Chief of the Berlin Senate Chancellery
- In office 2 December 2011 – 20 March 2018
- Governing Mayor: Klaus Wowereit Michael Müller
- Preceded by: Monika Helbig
- Succeeded by: Christian Gaebler

Leader of the Jusos
- In office 17 June 2004 – 24 November 2007
- Preceded by: Niels Annen
- Succeeded by: Franziska Drohsel

Personal details
- Born: 2 June 1978 (age 48) Geldern, West Germany
- Party: SPD
- Education: Freie Universität Berlin
- Occupation: Politician

= Björn Böhning =

German politician

Björn Böhning (born 2 June 1978) is a German politician of the Social Democratic Party (SPD) who has been serving as State Secretary at the Federal Ministry of Labour and Social Affairs under the leadership of minister Hubertus Heil from 2018 to 2022.
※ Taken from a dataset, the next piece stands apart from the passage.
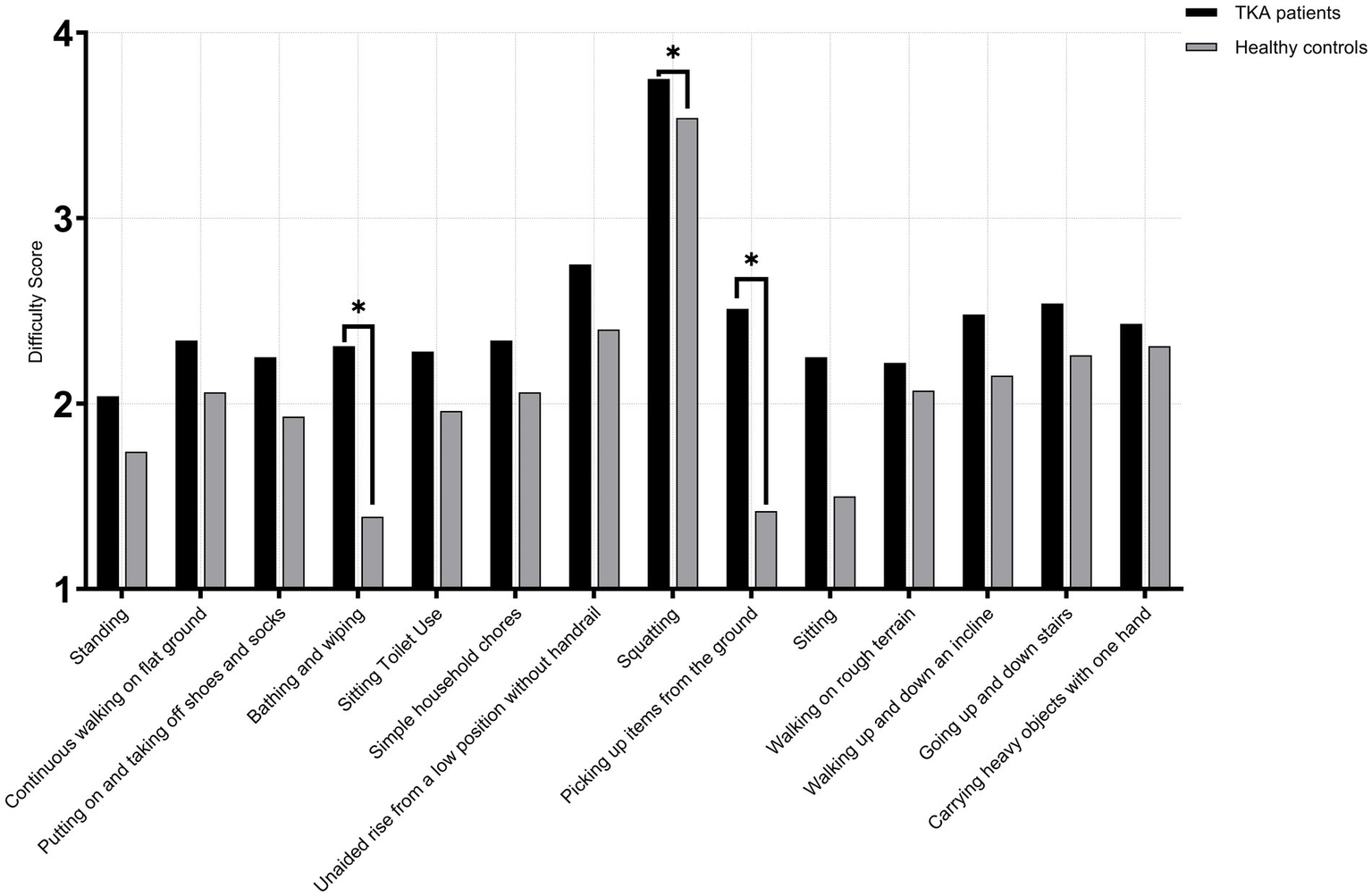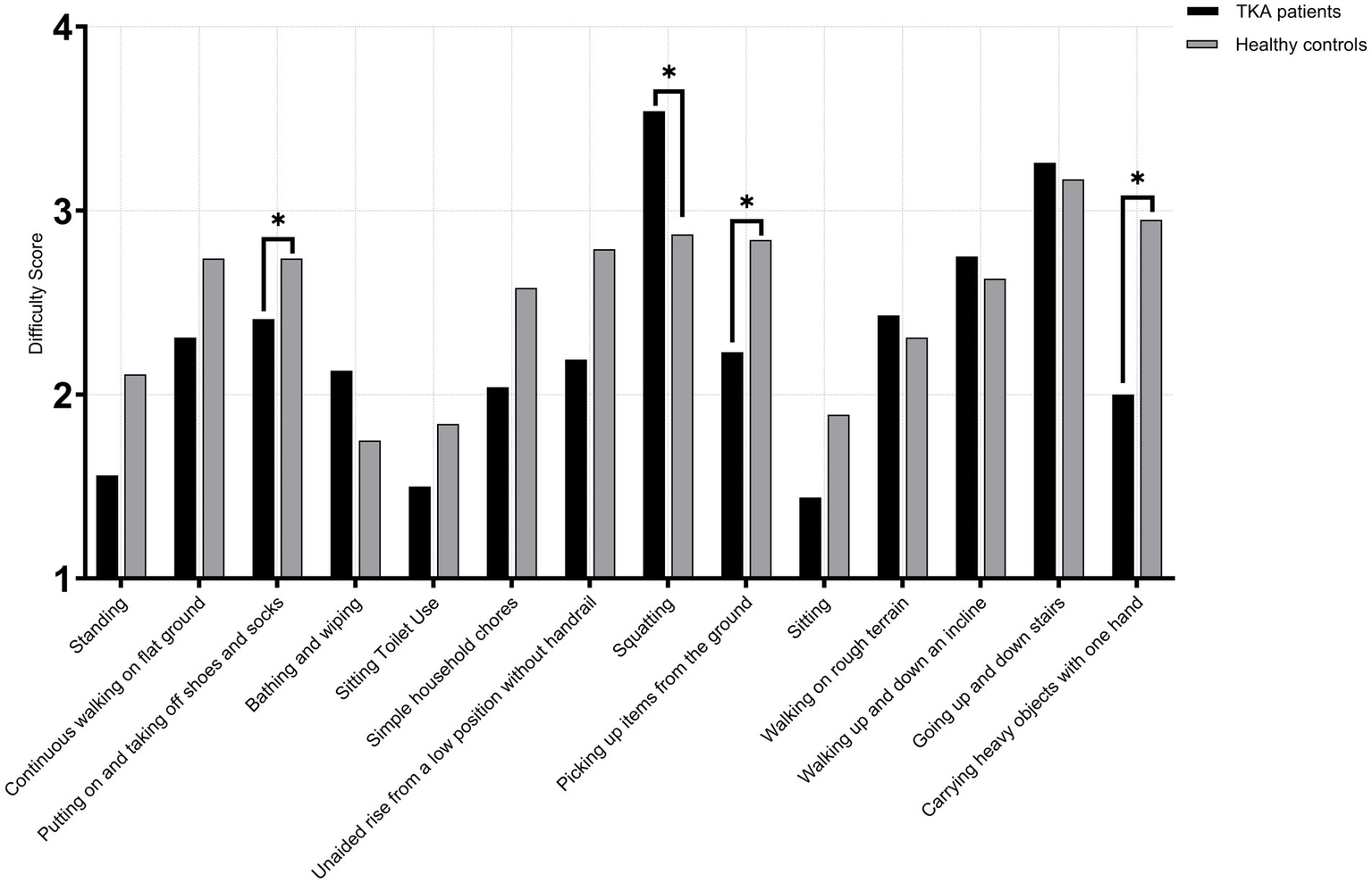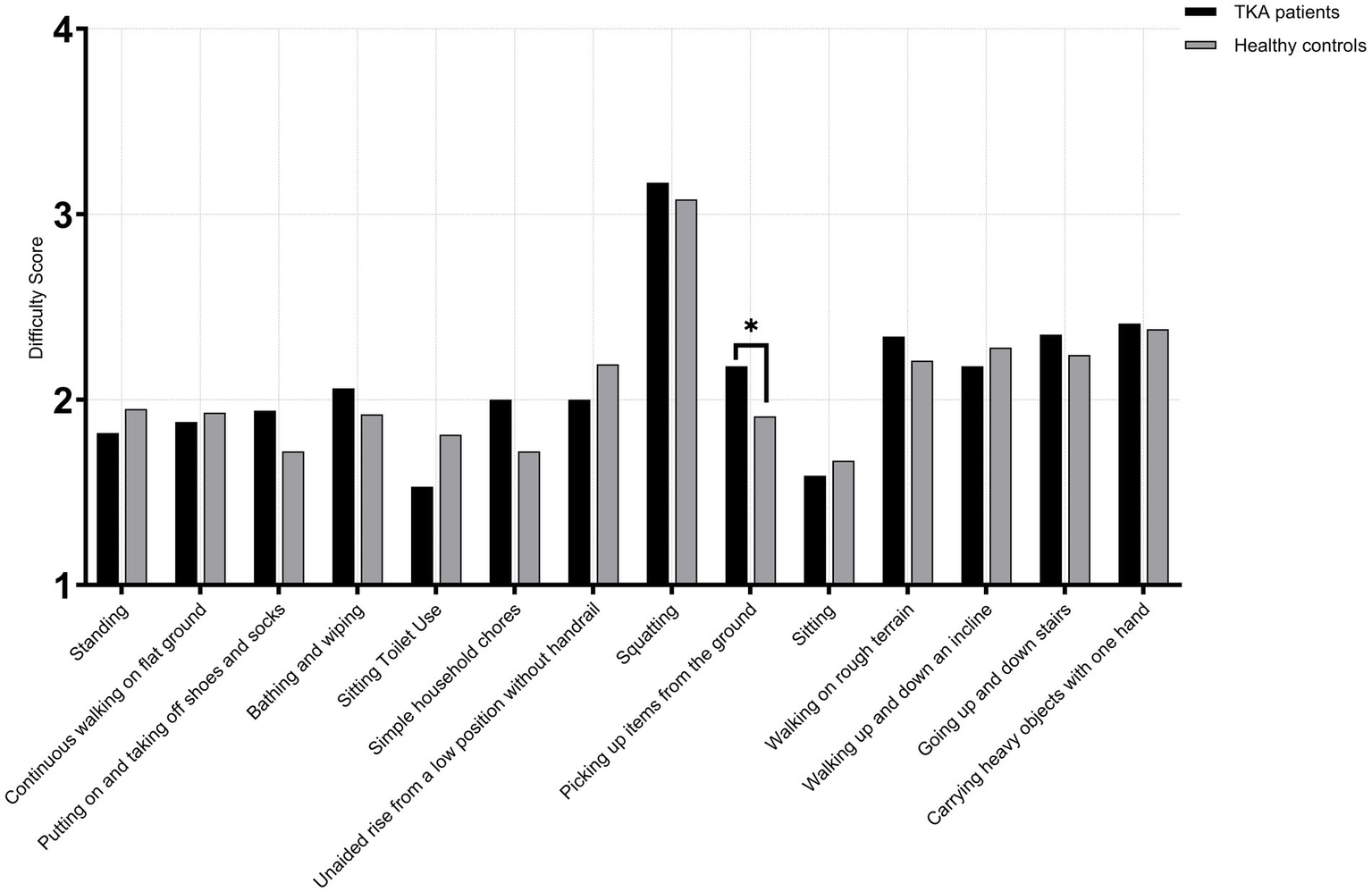 Both TKA patients and healthy controls were required to assess and rate each activity in terms of: Importance (1 = Not important, 2 = Slightly important, 3 = Moderately important, 4 = Very important, 5 = Extremely important), Frequency (1 = Never, 2 = Rarely, 3 = Occasionally, 4 = Often, 5 = Daily), Difficulty (1 = No difficulty, 2 = Slight difficulty, 3 = Moderate difficulty, 4 = Severe difficulty, 5 = Extreme difficulty).

From 2004 to 2007 Böhning was the chairperson of the Young Socialists in the SPD ("Jusos"), the SPD's youth organization.

== Early life and educations ==
Böhning was born in Geldern and grew up in Lübeck. He studied political science at the Otto Suhr Institute (OSI) of the Free University of Berlin from 1999 until 2004.

== Political career ==
From 15 February 2008 Böhning served as spokesperson of the "Forum Demokratische Linke 21" of the SPD, a group of left-aligned politicians within the party; in 2014, he left the group. He unsuccessfully ran as candidate for the electoral district of Berlin-Friedrichshain-Kreuzberg – Prenzlauer Berg East in the 2009 national elections.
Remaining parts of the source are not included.